Friday, 5 June 2009: 11:30 AM
Grand Ballroom West (DoubleTree Hotel & EMC - Downtown, Omaha)
Kyle D. Weisser, NOAA/NWSFO, Sioux Falls, SD; and
P. N. Schumacher and T. R. Hultquist
Ensemble forecasts are increasingly being used within the forecast environment to provide forecasters with information on the predictability of weather systems. Most ensemble information presented to operational forecasters is displayed as mean and probability fields with little or no information from individual members. It has been suggested that analysis of the mean and probability fields can be used to enhance the decision on snowfall amounts as well as the warning decision process. This assumes that the differences between members of the ensemble are the result of differences in initial conditions or model parameterizations. However, the differences between ensemble members can also be the result of systematic errors between different models. This is especially true in the first 24 to 72 hours when errors from initial conditions are relatively small. The short-range ensemble forecast (SREF) suite run by NCEP includes 4 models the Eta, Regional Spectral Model (RSM), the Nonhydrostatic Mesoscale Model core of the Weather Research Forecast model (WRF-NMM) and the Advanced Research WRF (WRF-ARW). Two events will be analyzed to examine the SREF quantitative precipitation forecast (QPF) and compare those to the operational model QPF within 84 h of the forecast.

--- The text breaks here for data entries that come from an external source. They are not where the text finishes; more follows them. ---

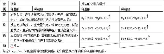 (1)在金属活动性顺序里,位于氢前面的金属能置换出盐酸、稀硫酸中的氢(不可用浓硫酸、硝酸)。
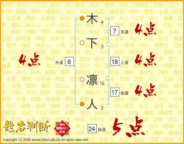 木下凛人さんの天運は7画の4点!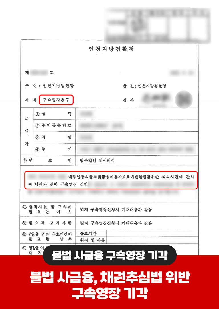 법원은 구속영장을 기각했고, 최종적으로 재판부는 통상 실형이 선고되는 불법추심 사건임에도 의뢰인의 성실한 사회생활과 가족 유대관계를 고려하여 집행유예를 선고했습니다.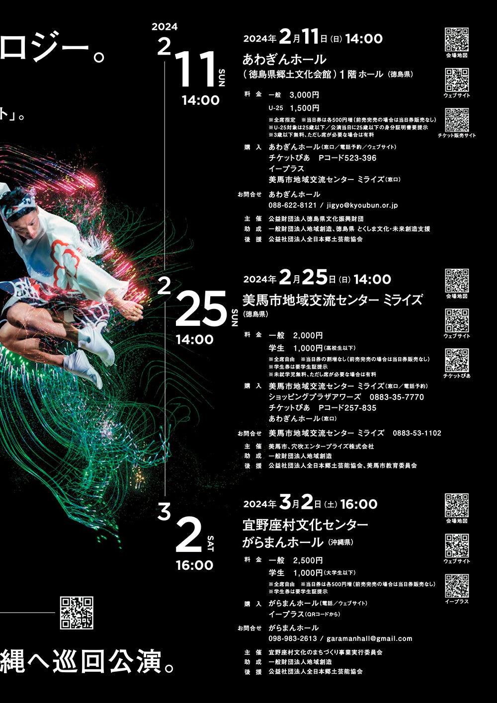 徳島の阿波おどり、沖縄のエイサー、そしてコンテンポラリーバレエのそれぞれの演舞に、XRテクノロジーをとりいれたこれまでにない舞台演出が、あらたな風流を生みだす。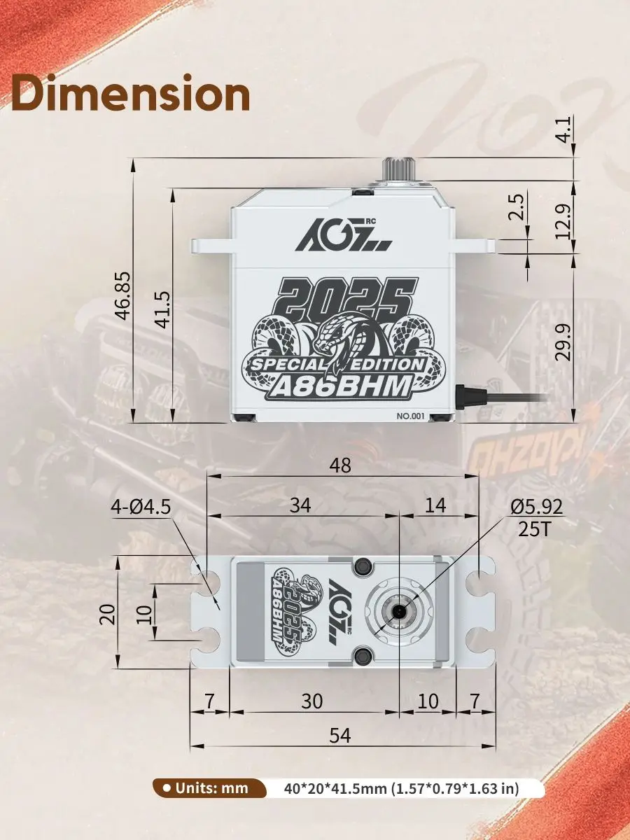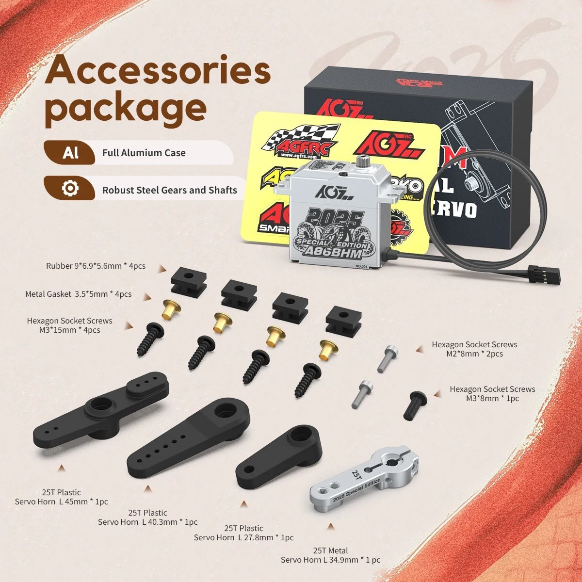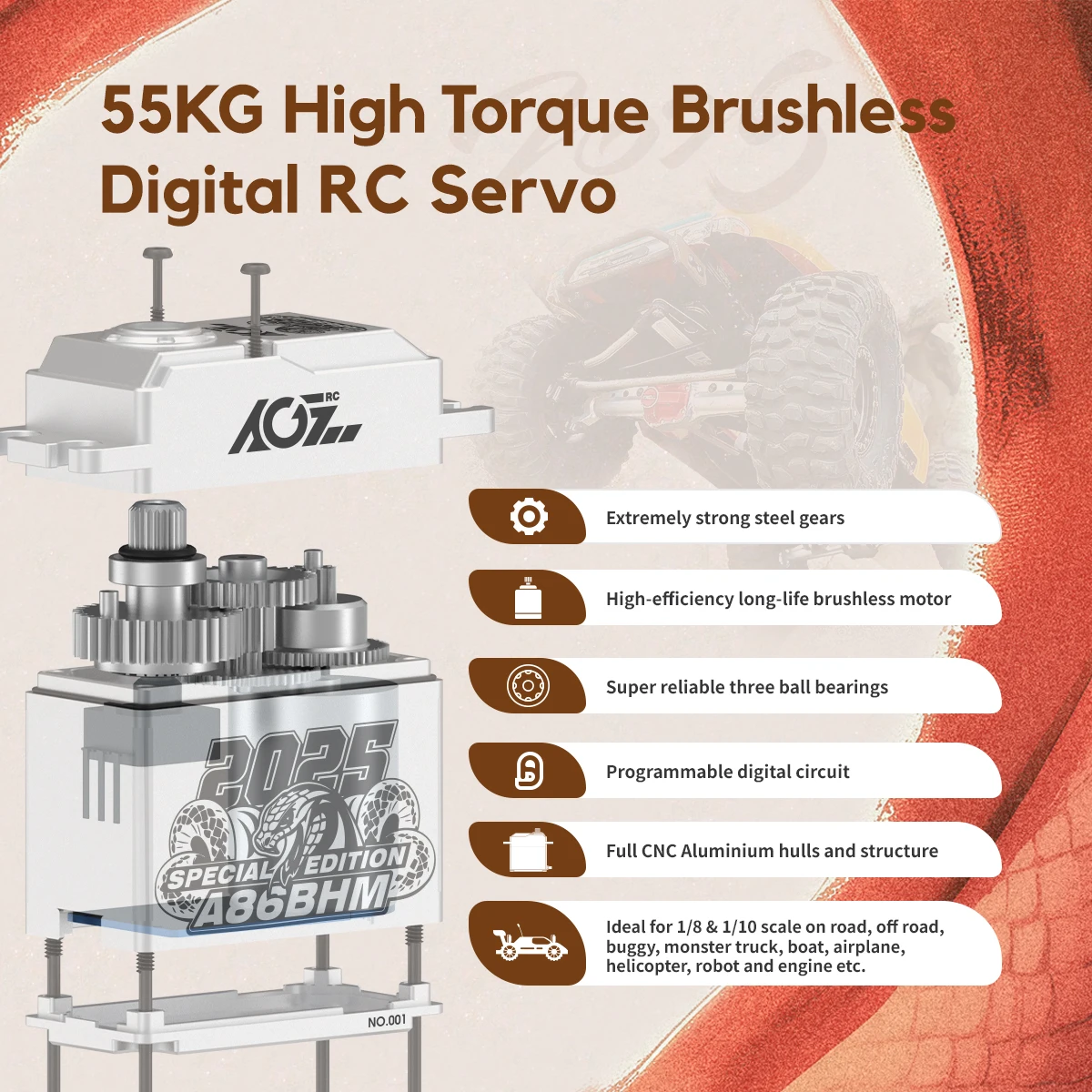 AGFRC 55KG RCステアリング サーボ モーター高トルク - フル メタルギアプログラマブルブラシレスデジタル サーボ 1/8 1/10 RCカー トラック 用 (A86BHM 2025 スペシャルエディション)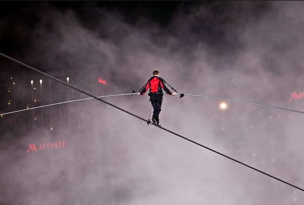 รายงานระบุว่า นิก วอลเลนดา สมาชิกของครอบครัวนักกายกรรมกลางหาว "เดอะ ฟลายอิง วาลเลนดาส์" ขอท้าตายด้วยการทำสถิติสุดหวาดเสียวด้วยการไต่ลวดข้ามน้ำตกไนแองการาเป็นระยะทาง 60 เมตร ที่ระดับความสูง 550 เมตร ซึ่งเบื้องล่างเป็นกระแสน้ำตกเชี่ยวกราก แถมต้องฝ่าหมอกหนาทึบ พร้อมกับกระแสลมกระโชกอย่างแรง โดยมีสถานีโทรทัศน์เอบีซีถ่ายทอดสดเหตุการณ์ครั้งประวัติศาสตร์นี้อย่างใกล้ชิด ซึ่งจะคอยสัมภาษณ์เขาระหว่างการไต่ลวดเป็นครั้งคราว สภาพที่เขาเผชิญ และวิธีการรับมือของเขา

We found that the use of probability fields, by themselves, provided little additional information. In many cases analysis of the individual runs found that each model tended to cluster around the respective parent run. In one event, 4 out of 5 RSM members and 6 out of 6 WRF members produced precipitation in Sioux City, Iowa while only 1 of 10 Eta members produced precipitation, with a resultant 50 percent chance for precipitation. It appeared that the differences between members were the result of systematic model errors rather than inherent unpredictability. The inability to remove members that are determined to have a low probability of occurrence places equal weight on all 21 members. It is thus theorized that examination of SREF mean and probabilities, especially QPF, without knowledge of each individual member's performance, provides little additional information to aid in the forecast process, and in the case above, results in degradation of the forecast.
Ensemble forecasts can play an important role the first 24 to 72 h of the forecast. However, use of mean and probability fields by themselves can slow the recognition of significant events due to averaging of both the likely and the less likely members. After assessing the dynamics and thermodynamics from the deterministic models, we propose that forecasters can examine individual members and remove the members that appear least likely to occur. Mean and probability fields can then be calculated from this subset to help forecast snow and QPF amounts.